**WORK INSTRUCTION**
Return only the lines from the top of the data down to the one that holds "히알루론산은 뛰어난 보습력을", both included, without any pictures.

**DATA IN THIS EXERCISE**
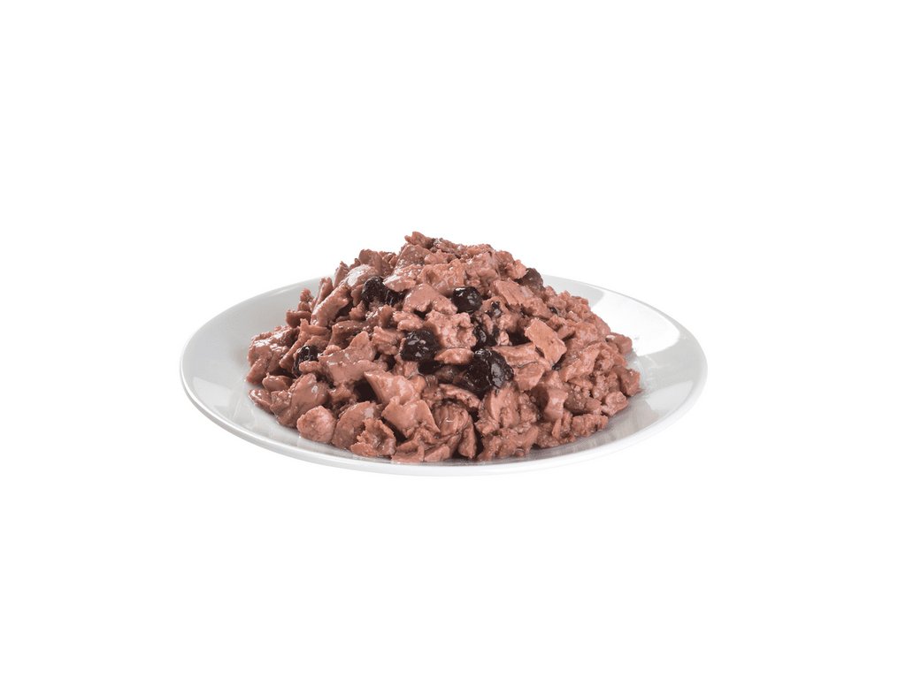 Složení: 45% ryby a výrobky rybího původu ve filetech (4% losos, 4% sleď), 9,6% masová šťáva, 1,5% byliny a ovoce (hřebíček, citrusy, rozmarýn, kurkuma), 0,5% borůvky, 1% minerály, 1% lososový olej, 0,5% mannan-oligosacharidy, 0.5% frukto-oligosacharidy, 0,4% inulin.
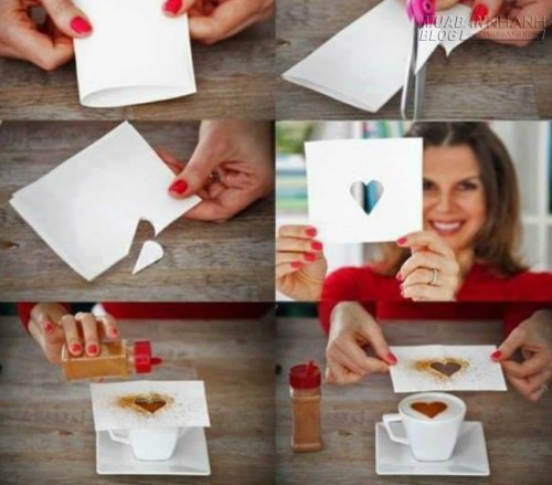 Dùng một mảnh giấy, cắt hình trái tim ở giữa, để lên mặt tách cà phê và rắc bột ca cao lên, vậy là bạn đã có một tách cà phê tuyệt đẹp và nghệ thuật với họa tiết trái tim bên trên, đâu nhất thiết phải biết vẽ. Áp dụng theo cách trên, bạn có thể "vẽ" được bất kì hình thù nào trên bề mặt tách.
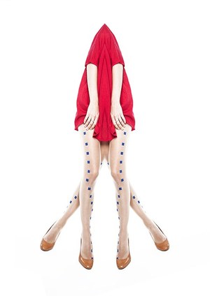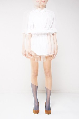 その一方で、シックな魅力を持つのが「ペインティング」シリーズ。上半分だけ、下半分だけなど部分的に彩色されたストッキングは、コウヘン編みという編み方を用いることで、独自の透け感を出した。プリントは直線的でエッジィなデザインなので、シンプルにあわせるだけでぐっとモードな印象になる。
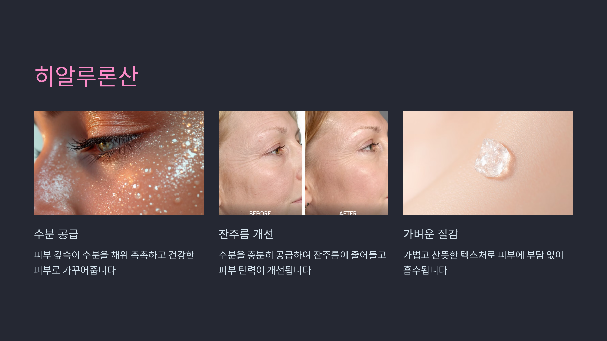 히알루론산은 뛰어난 보습력을 자랑하며, 피부에 수분을 공급해 탄력과 윤기를 더합니다. 모든 피부 타입에 적합합니다.
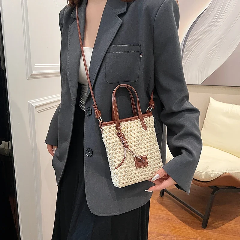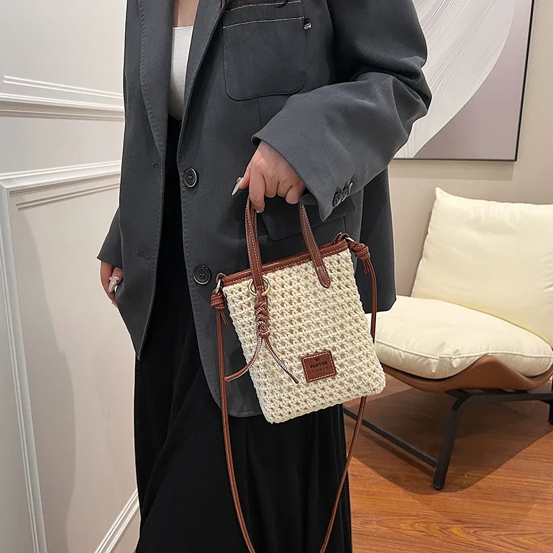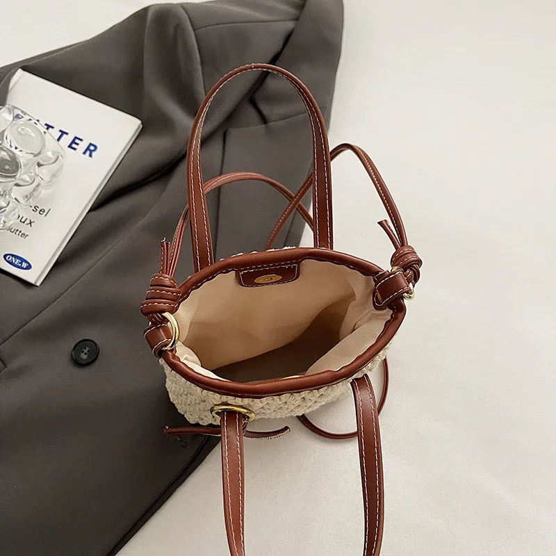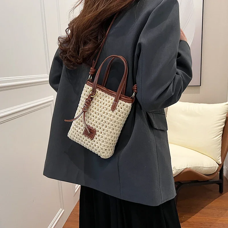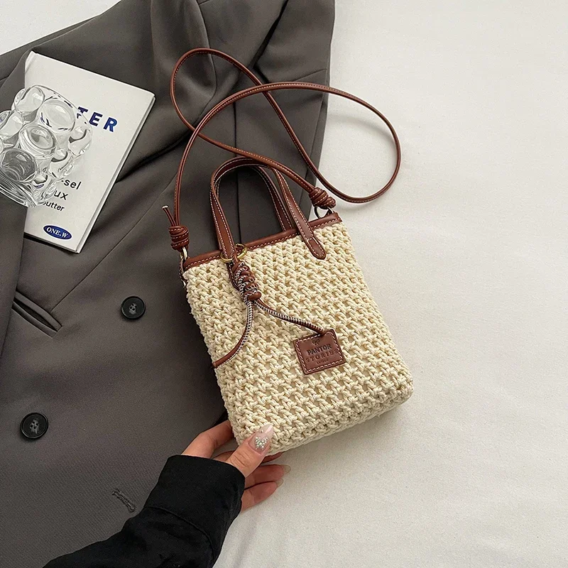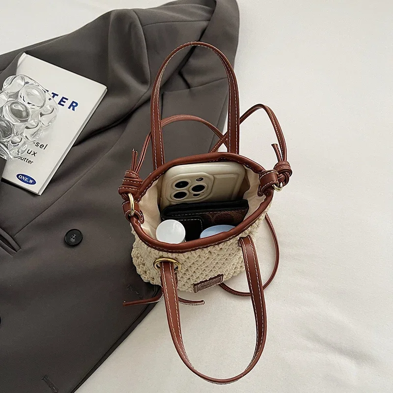 LEFTSIDE Mini Solid Color Straw Bags for Women 2024 Fashion Summer Shoulder Bags Handbags and Purses Weave Beach Crossbody Bag

**SOLUTION FOR THIS EXERCISE**
 Složení: 45% ryby a výrobky rybího původu ve filetech (4% losos, 4% sleď), 9,6% masová šťáva, 1,5% byliny a ovoce (hřebíček, citrusy, rozmarýn, kurkuma), 0,5% borůvky, 1% minerály, 1% lososový olej, 0,5% mannan-oligosacharidy, 0.5% frukto-oligosacharidy, 0,4% inulin.
 Dùng một mảnh giấy, cắt hình trái tim ở giữa, để lên mặt tách cà phê và rắc bột ca cao lên, vậy là bạn đã có một tách cà phê tuyệt đẹp và nghệ thuật với họa tiết trái tim bên trên, đâu nhất thiết phải biết vẽ. Áp dụng theo cách trên, bạn có thể "vẽ" được bất kì hình thù nào trên bề mặt tách.
 その一方で、シックな魅力を持つのが「ペインティング」シリーズ。上半分だけ、下半分だけなど部分的に彩色されたストッキングは、コウヘン編みという編み方を用いることで、独自の透け感を出した。プリントは直線的でエッジィなデザインなので、シンプルにあわせるだけでぐっとモードな印象になる。
 히알루론산은 뛰어난 보습력을 자랑하며, 피부에 수분을 공급해 탄력과 윤기를 더합니다. 모든 피부 타입에 적합합니다.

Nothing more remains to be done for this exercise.